VisCoder2: Advancing Multi-Language Visualization Code Generation

TLDR: VisCoder2 introduces a new framework for building advanced visualization coding agents. It comprises VisCode-Multi-679K, a large dataset of 679K executable visualization code pairs across 12 languages with multi-round correction dialogues; VisPlotBench, a comprehensive benchmark spanning 8 languages for evaluating initial generation and multi-round self-debug; and the VisCoder2 models, which significantly outperform open-source baselines and approach proprietary models like GPT-4.1, achieving an 82.4% execution pass rate with iterative self-debugging.

Large language models (LLMs) have shown great promise in generating code, including code for data visualizations. However, current systems often struggle with practical challenges such as supporting multiple programming languages, ensuring reliable code execution, and iteratively correcting errors.

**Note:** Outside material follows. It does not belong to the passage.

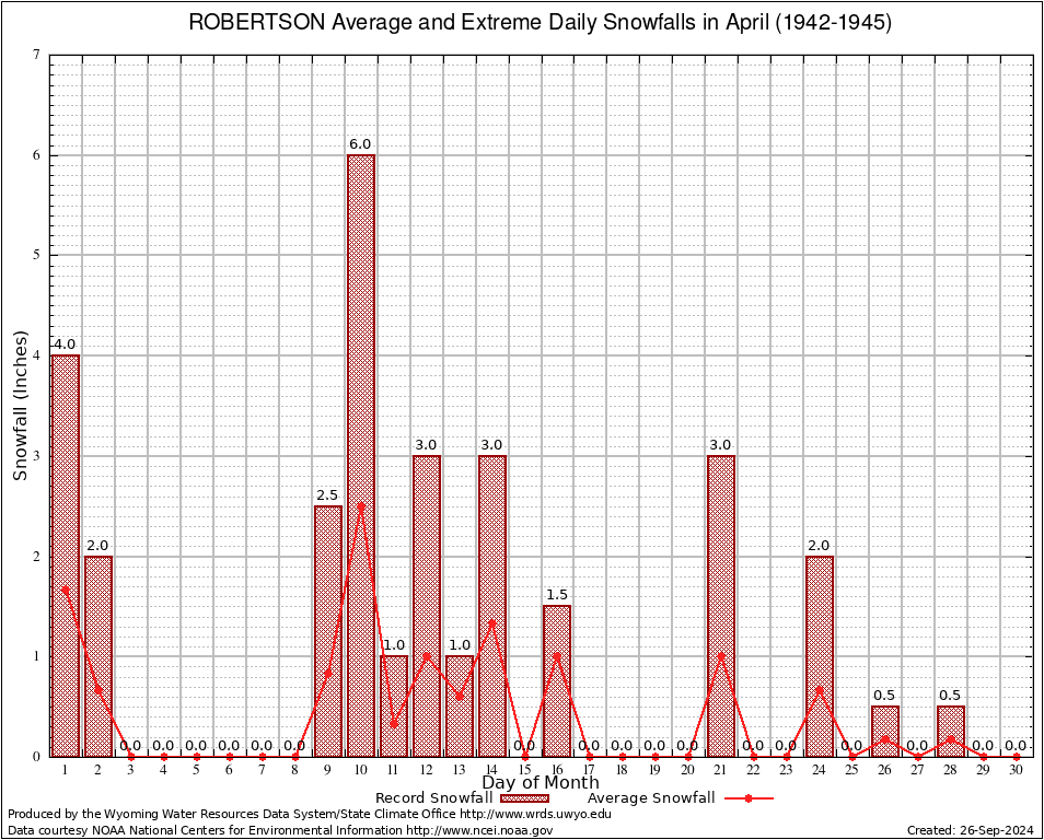April Average and Extreme Daily Snowfall AMounts (1942-1945)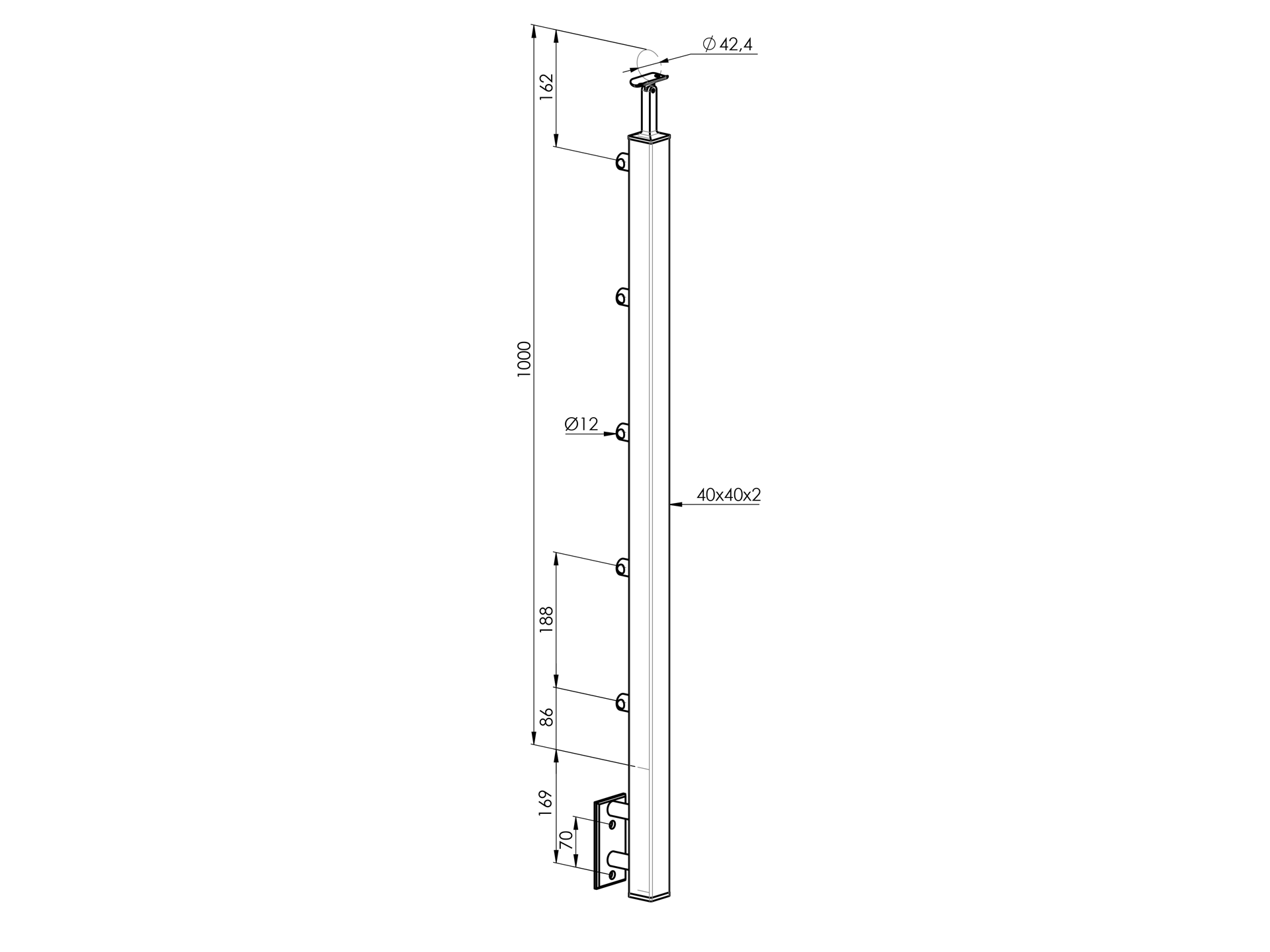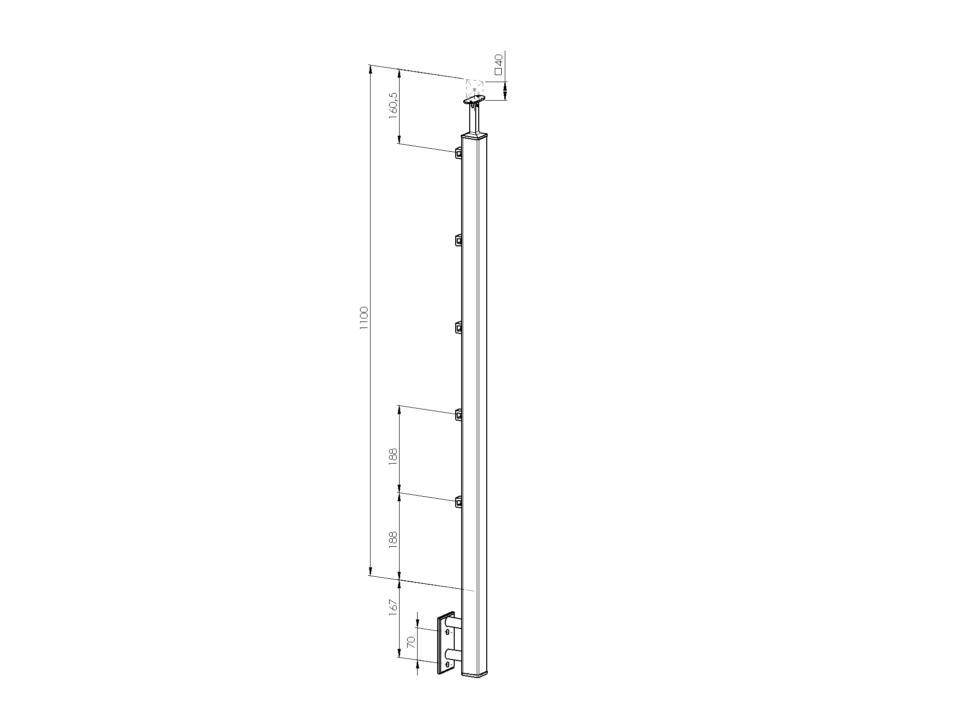1 pcsMaterialStainless steel AISI 304Surface finishSatinedPost40x40x2Required productsSide anchoring A6/005-4

These limitations stem from datasets and benchmarks that typically focus on single-round code generation and a limited number of languages.

A new research paper introduces a comprehensive framework called VisCoder2, designed to overcome these hurdles. The framework consists of three key components: a vast dataset, a robust benchmark, and a family of advanced coding agents. You can read the full paper here: VISCODER2: BUILDINGMULTI-LANGUAGE VISUALIZATIONCODINGAGENTS.

VisCode-Multi-679K: A Dataset for Multi-Language Visualization

At the heart of VisCoder2 is VisCode-Multi-679K, a large-scale dataset containing 679,000 validated and executable visualization code samples. What makes this dataset unique is its multi-language coverage, spanning 12 programming languages, and its inclusion of multi-turn correction dialogues. This means the dataset not only provides examples of correct code but also shows how models can learn to revise faulty code based on execution feedback.

The dataset was built by combining code from diverse open-source repositories like the-stack-v2, svg-diagrams, and CoSyn-400K. These sources provide a mix of real-world and synthetically generated visualization code. A rigorous process of filtering, code block extraction, and runtime validation ensures that all samples are executable and produce valid visual outputs. Additionally, 66,000 multi-turn dialogues from the Code-Feedback dataset were integrated to train models in iterative debugging, a crucial skill for real-world coding agents.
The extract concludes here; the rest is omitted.